The Lower Mississippi River Water Trail
Rivergator Atchafalaya Appendix 12:
Bayou Teche: Nature & Science
From the Bayou Tech Project
The Bayou Teche and the Atchafalaya Basin
The Bayou Teche takes you on a journey into the geographical heart of Acadiana. Once described as the “most richly storied of the interior waters, and the most opulent,” this body of water was the center of a booming cypress industry in the early 1900s. The Teche winds its way through four parishes and ends in the Atchafalaya Basin, an essential source of food, timber, and fur, a refuge for escaped slaves and a natural resource for enterprising Cajuns and Creoles.
Bayou Teche was the Mississippi River some 5,000 years ago.
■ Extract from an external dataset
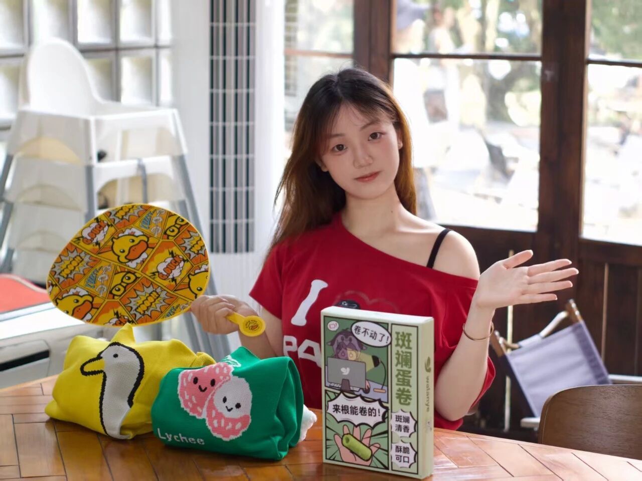 文创作品以斑斓基地的特色鸭头咖啡和荔枝为代表,推出鸭头扇子、鸭头包包、荔枝包包以及斑斓蛋卷。斑斓基地结合自身特色,通过文旅结合的方式,实现产业融合,创造性发展、创新性融合!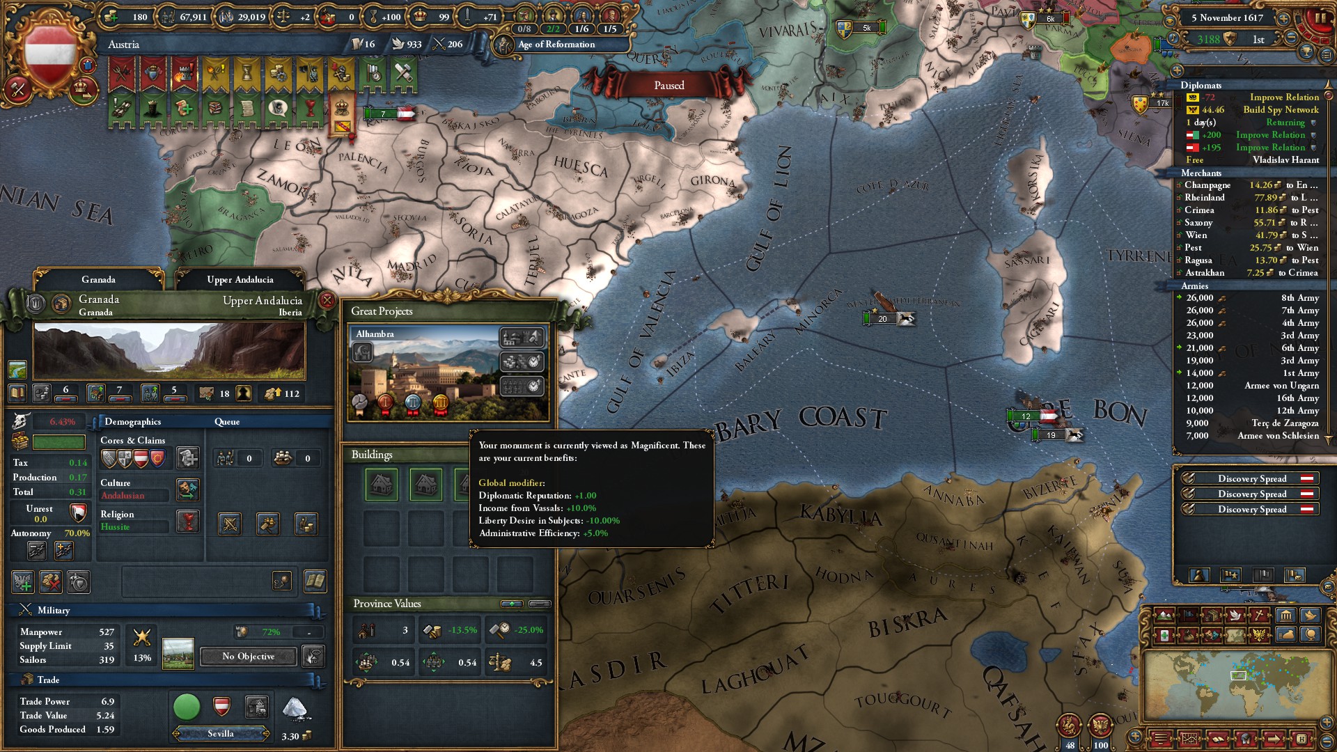 アルハンブラ宮殿がtier3まで上がったわ。統治効率+5%よ!

The Atchafalaya River Basin first began forming about 5,000 years ago when Mississippi River meandered westward of its present-day course, resulting in a succession of bayous (the Teche), rivers and natural levees which compromise today’s Atchafalaya River floodplain.
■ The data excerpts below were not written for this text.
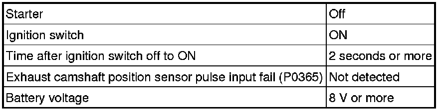 If no signal is transmitted by the exhaust camshaft position sensor despite the engine revolving, or the rotation of the exhaust camshaft and the crankshaft is not synchronized, the ECM interprets this as a malfunction of the sensor.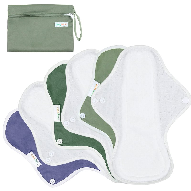 Langsprit Reusable Sanitary Pads for Women, Feminine Pads for Women Regular Absorbency Cotton Washable Cloth Menstrual Pads 6pcs Set with Mini Wet Bag Leakfree and Periods (Medium)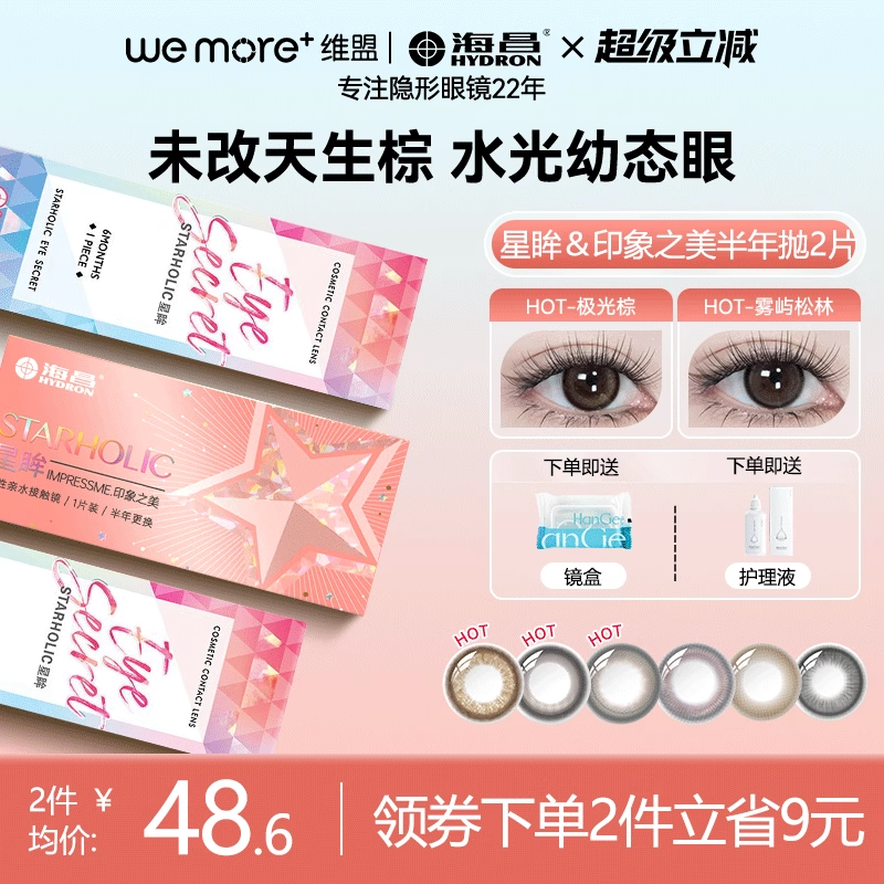 海昌【星眸-印象之美系列】美瞳自然小直径半年抛2隐形眼镜正品

Early economic development of the Atchafalaya Basin hinged on the Bayou Teche. Before roads, the little Teche, not the Atchafalaya, was the highway from the Gulf of Mexico into the heart of Louisiana. The Teche was navigable over 100 miles, yet just wide enough, deep enough, or swift enough to maneuver. Several Bayou Teche settlements materialized because of the timber and other water- borne economy, including seafood and recreational businesses.
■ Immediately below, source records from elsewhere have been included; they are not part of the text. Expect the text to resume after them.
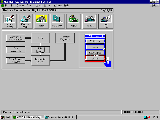 Once you have finished the Setup Interview, you need to enter information into each command center of MYOB before you start using it. These command centers are the General Ledger, Sales, Purchases, Payroll, and Inventory.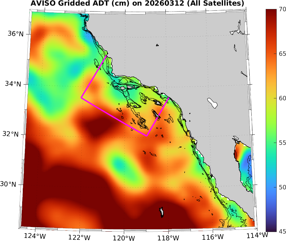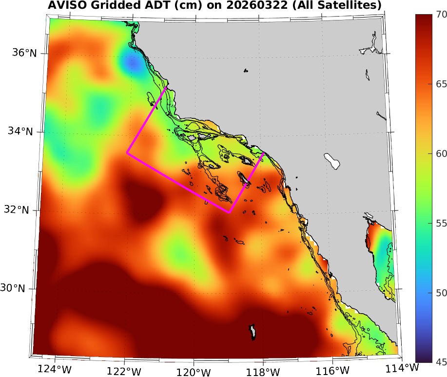 AVISO NRT Gridded ADT (0.125° resolution), Southern California–Baja California domain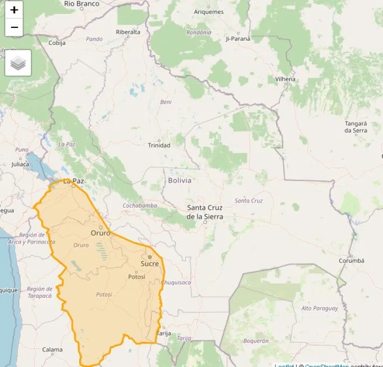 Se prevén ráfagas de entre 30 y 50 kilómetros por hora en las provincias de Ingavi, J.M. Pando, Pacajes, Villarroel, Aroma, Omasuyos, Murillo, Los Andes, Manco Kapac, Loayza y el sur de Inquisivi, en La Paz; Oropeza, Yamparáez, noroeste de Nor Cinti y Sud Cinti, en Chuquisaca; y el oeste de Eustaquio Méndez y José María Avilés, en Tarija.

Today, the Bayou Teche is cradled within the Atchafalaya National Heritage Area. Over 250 species of birds annually use this area, including tens of thousands of nesting herons, egrets, ibises and other wading birds. This region also annually hosts some of the highest nesting concentrations of Southern Bald Eagles, Red-Shouldered Hawks, Barred Owls, Acadian Flycatchers and Prothonotary Warblers in the United States. The American alligator along with 54 other species of reptiles and amphibians can also be found. Over 90 species of fish, crawfish, crabs, and shrimp support a thriving seafood industry.